START Input material
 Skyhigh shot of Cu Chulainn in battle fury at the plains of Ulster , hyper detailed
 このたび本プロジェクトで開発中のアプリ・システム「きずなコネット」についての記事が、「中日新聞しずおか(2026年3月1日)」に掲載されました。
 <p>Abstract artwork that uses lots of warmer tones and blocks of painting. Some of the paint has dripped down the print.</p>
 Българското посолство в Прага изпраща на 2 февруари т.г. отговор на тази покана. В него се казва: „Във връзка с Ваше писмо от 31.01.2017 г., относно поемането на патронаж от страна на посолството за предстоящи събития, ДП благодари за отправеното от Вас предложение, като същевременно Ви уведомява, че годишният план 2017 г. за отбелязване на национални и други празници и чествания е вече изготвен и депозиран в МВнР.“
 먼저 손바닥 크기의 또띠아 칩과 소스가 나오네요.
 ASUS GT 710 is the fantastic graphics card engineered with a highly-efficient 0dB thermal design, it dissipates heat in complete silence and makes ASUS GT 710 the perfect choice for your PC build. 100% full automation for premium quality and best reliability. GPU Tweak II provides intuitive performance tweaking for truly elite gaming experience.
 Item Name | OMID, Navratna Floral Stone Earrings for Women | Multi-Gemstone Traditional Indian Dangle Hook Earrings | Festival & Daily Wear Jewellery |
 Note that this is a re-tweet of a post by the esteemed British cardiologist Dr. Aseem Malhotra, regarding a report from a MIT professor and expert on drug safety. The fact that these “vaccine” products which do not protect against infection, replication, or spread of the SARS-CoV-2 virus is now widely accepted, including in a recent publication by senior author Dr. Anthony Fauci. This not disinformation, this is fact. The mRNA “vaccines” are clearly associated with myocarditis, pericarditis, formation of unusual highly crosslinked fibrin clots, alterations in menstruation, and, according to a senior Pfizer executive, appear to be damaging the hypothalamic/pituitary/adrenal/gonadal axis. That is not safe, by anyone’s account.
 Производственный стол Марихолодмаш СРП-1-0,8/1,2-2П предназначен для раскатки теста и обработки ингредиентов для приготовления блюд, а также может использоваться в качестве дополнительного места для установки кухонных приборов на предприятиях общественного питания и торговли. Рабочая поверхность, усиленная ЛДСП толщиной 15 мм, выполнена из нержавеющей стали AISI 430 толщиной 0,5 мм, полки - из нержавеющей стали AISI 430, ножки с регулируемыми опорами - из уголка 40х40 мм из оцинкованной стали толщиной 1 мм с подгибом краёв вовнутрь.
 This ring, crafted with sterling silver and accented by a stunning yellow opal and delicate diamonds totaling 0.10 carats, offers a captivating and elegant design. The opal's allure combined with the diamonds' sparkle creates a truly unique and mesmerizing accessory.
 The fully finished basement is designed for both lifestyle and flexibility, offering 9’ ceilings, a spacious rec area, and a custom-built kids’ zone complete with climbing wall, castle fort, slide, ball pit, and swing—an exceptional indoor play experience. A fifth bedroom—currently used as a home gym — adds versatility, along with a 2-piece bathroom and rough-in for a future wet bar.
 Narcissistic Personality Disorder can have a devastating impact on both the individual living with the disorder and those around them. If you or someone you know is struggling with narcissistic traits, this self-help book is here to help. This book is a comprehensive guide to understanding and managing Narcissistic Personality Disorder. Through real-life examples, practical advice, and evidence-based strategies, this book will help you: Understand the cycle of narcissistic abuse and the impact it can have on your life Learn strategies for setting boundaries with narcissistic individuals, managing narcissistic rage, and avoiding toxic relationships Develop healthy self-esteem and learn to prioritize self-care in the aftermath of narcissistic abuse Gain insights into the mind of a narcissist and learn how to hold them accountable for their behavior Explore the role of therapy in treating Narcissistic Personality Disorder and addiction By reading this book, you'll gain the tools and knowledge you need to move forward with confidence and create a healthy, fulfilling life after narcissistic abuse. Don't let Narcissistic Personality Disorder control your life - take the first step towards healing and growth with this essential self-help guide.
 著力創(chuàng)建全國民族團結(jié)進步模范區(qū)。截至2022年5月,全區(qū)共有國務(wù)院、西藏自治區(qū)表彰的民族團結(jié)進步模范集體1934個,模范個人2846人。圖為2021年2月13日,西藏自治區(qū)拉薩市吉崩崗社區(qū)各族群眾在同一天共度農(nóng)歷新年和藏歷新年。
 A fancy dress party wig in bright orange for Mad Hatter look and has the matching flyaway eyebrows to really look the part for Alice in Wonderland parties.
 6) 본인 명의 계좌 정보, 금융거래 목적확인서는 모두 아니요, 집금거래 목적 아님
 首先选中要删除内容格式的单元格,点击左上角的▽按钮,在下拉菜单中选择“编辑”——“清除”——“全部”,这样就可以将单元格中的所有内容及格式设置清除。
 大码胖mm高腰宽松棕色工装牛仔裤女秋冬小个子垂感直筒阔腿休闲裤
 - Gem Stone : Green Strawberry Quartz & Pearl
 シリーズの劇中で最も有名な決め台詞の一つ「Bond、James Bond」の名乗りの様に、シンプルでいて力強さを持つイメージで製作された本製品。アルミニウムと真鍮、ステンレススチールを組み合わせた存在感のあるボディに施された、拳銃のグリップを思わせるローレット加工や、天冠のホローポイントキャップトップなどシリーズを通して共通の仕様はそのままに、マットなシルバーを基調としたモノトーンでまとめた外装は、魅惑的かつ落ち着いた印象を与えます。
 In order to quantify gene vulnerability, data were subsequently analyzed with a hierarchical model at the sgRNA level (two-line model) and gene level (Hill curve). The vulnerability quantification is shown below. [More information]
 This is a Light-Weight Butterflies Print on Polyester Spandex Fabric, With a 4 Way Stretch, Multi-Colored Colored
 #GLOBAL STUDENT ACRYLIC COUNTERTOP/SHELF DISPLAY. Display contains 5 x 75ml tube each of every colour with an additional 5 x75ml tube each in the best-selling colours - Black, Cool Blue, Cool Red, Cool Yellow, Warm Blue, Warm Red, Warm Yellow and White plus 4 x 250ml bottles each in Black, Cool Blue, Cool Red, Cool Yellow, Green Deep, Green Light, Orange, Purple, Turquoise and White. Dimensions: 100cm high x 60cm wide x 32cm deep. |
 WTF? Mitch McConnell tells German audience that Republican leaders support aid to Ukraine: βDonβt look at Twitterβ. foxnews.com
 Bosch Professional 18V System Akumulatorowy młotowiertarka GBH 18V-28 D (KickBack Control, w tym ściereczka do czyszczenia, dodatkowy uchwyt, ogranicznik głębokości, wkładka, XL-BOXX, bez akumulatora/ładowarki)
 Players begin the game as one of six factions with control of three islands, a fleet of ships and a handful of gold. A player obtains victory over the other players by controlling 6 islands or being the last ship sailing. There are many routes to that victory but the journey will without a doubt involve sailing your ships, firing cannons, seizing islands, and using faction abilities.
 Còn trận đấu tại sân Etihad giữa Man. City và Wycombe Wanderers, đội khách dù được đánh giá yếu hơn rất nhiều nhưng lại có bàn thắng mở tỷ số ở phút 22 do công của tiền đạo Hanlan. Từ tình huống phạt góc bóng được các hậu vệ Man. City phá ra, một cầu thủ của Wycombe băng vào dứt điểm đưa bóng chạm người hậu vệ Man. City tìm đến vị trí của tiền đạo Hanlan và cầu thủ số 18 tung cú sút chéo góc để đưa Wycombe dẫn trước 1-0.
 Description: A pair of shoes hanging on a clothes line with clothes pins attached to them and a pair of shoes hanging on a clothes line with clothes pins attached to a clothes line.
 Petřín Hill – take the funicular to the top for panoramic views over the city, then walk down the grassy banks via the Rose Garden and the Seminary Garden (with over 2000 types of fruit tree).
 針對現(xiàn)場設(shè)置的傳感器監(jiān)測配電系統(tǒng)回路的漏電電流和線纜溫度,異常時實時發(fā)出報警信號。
END Input material
Your goal: Scan the entries above and show each line that contains the word "down".

Answer for this exercise:
 <p>Abstract artwork that uses lots of warmer tones and blocks of painting. Some of the paint has dripped down the print.</p>
 Petřín Hill – take the funicular to the top for panoramic views over the city, then walk down the grassy banks via the Rose Garden and the Seminary Garden (with over 2000 types of fruit tree).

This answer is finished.